Ну вот!.. А то понапридумают про нас… “АБЫРВАЛГ”… “АБЫРВАЛГ”…
Да что, мы в иерусалимской школе обучались?! Мне кажется, я не особо удивлюсь, если еще того гляди застану этого вожака за чтением газеты. А может, и очки у него где-нибудь припрятаны? Вот у него в очках была бы морда – точно Черчилль! Кем, интересно, он в другой жизни мог бы быть? Нет, не покойный Черчилль, разумеется, а этот наш клыкастый. Какой-нибудь начальник эмвэдэшный с могучим складчатым загривком, презрительно отвисшей губой. В глазах презрение ко всему слабому и грешному людскому роду, ведь навидался, знает столько он…
И тут меня словно по голове шарахнуло! А почему – он мог бы? Может быть, он и был таким? Он тоже – превращенец. Не только мне, возможно, эта доля выпала. Я стал прикидывать, кто бы еще мог подойти под мой неологизм. Черный красавец – превращенец? А пуделек?
Нет, нет, здесь присмотреться повнимательней, ведь меток нет на нас.

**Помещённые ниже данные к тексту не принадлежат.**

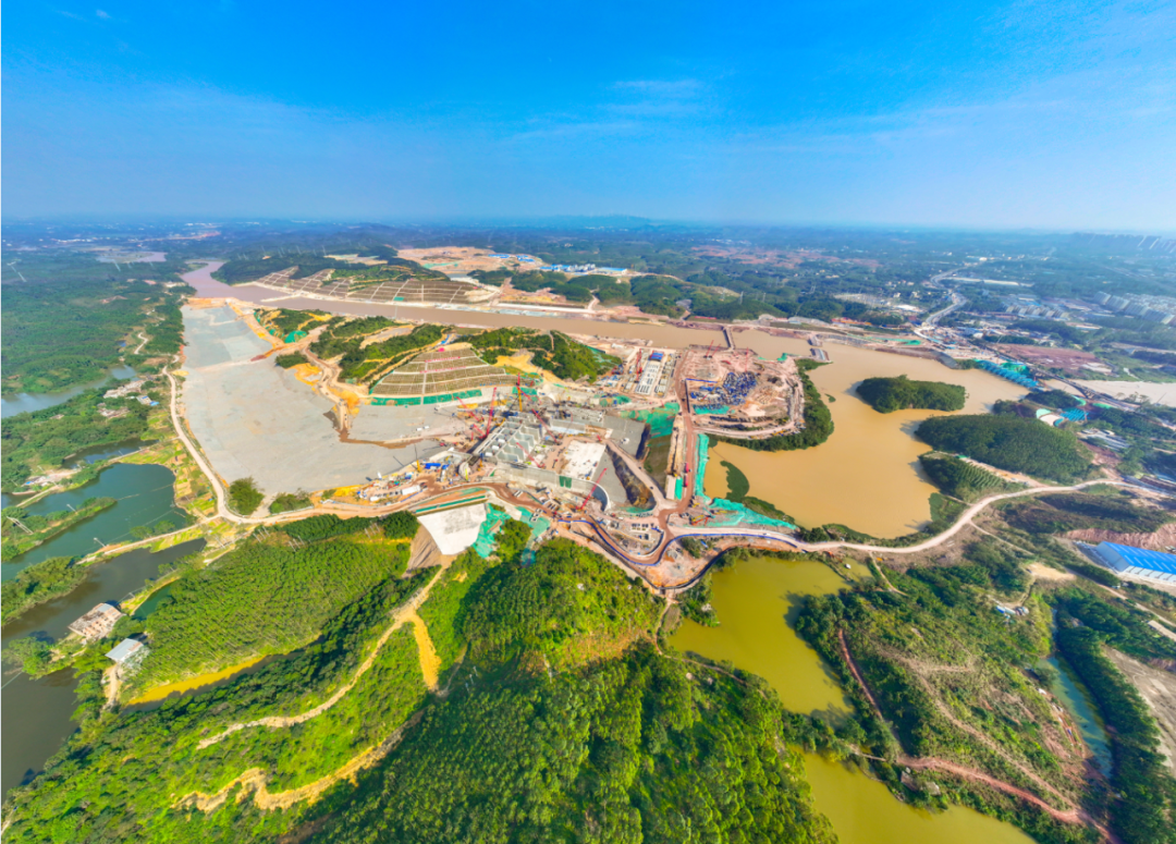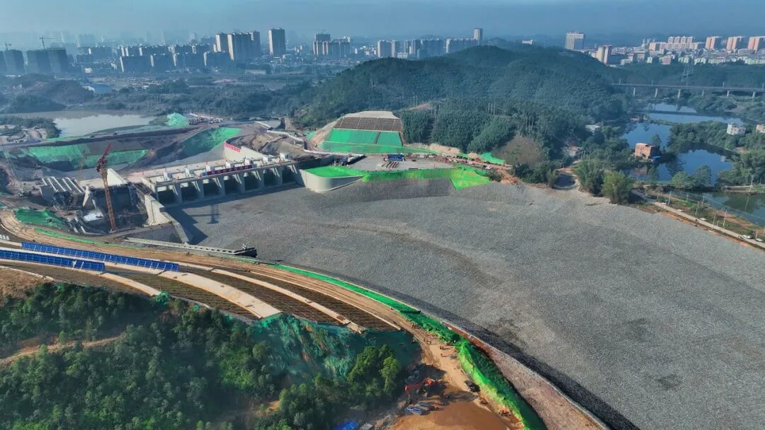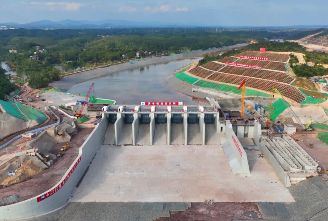 青年枢纽泄洪闸主要建筑物由7孔泄洪闸、放水建筑物、电站、鱼道及两岸连接坝段组成。目前,泄洪闸主体结构累计完成混凝土浇筑15万立方米。

Меня спасла только звериная реакция! Еще мгновение – и я остался бы под колесом грузовика. Шофер меня в сердцах обматерил. Собратья на меня свирепо скалились. “Всё, всё,- пообещал я сам себе,- кончаю с размышлизмом. Пора нормальным псом становиться”.
Голодный, вечером он все же вновь предался размышлениям. Что значит
– “быть нормальным”? Таким же дураком, как остальные? Ведь поход к мясокомбинату практически дал нулевые результаты. Ну утащили несколько огромных, старательно очищенных от мяса костей у зазевавшихся пенсионеров возле окна в стене, откуда дрянь эту продают. Ну подразнили, до захлеба лаем довели своих сытых собратьев из охраны, запертых на день в своих мочой и злобой провонявших казармах. Вот и весь толк от экспедиции. Лучше на свалку бы пошли.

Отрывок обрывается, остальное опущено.